I’m a sucker for deep dives into fascinating pockets of baseball analytics. And I keep coming back to this article for inspiration for ways to uncover natural experiments.

The National Parks Have Never Been More Popular (FiveThirtyEight)

I love this piece by Andrew Flowers because it combines two of my favorite things: the great outdoors and data. Flowers doesn’t make use of any fancy statistical techniques, but rather sets out to explore historical data from the National Park Service and chart how popular the national parks have been over time. To no one’s surprise, some of the classics are found at the top of the list, with the Great Smokies at the top (with about 10 million average annual visitors, nearly double the second place Grand Canyon’s 4.5 million visitors). Other icon parks like Yosemite and Yellowstone also make the top 5. But what makes me super jealous of this piece is one graph in particular, where Flowers plots the national parks’ change in annual rankings over time. I’m obsessed with his “bump chart” and have found myself returning to this article constantly as I’ve tried to build similar charts in my own projects.

We Read 150 Privacy Policies. They Were an Incomprehensible Disaster. (The Upshot)

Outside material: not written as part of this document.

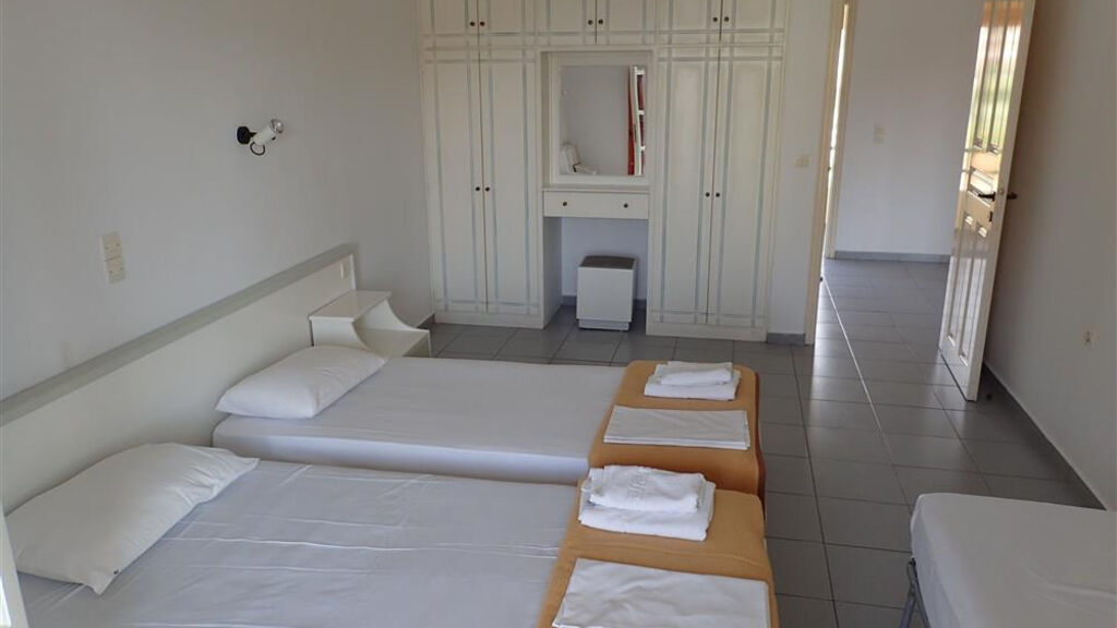dvoulůžková studia s možností přistýlky, apartmány až pro 5 osob (2 místnosti), koupelna s toaletou, klimatizace za poplatek cca 7 €/den (studia), klimatizace za poplatek cca 12 €/den (apartmány), kuchyňský kout (lednice, vařič, varná konvice, mikrovlnná trouba, základní nádobí), Wi-Fi, balkon nebo terasa,

Kevin Litman-Navarro put together this neat piece analyzing the texts of privacy policies from various companies. There are two things I really love about this article. First is how it makes use of a pretty unique dataset and charts different privacy policies in a way that makes for easy comparison across companies. The second is the author’s use of “scrollytelling” and interactive charts using D3. Reading through this piece, it really jumps out at you which companies employ particularly inscrutable privacy policies. Airbnb stands out at one of the denser ones (requiring nearly 40 minutes to read through) while also scoring high on complexity (which is based on factors like sentence length and vocabulary from a test developed by the education company Metametrics). On the other hand, the BBC sticks to a privacy policy that is far more readable than the others. After reading through this piece, I was left with a clear sense of which companies are aggressively trying to stake out in legal jargon expansive claims to collecting and selling your personal data, and which companies are more responsible stewards of personal data. The larger takeaway is a distrubing one. As Litman-Navarro puts it:

a significant chunk of the data collection economy is based on consenting to complicated documents that many Americans can’t understand.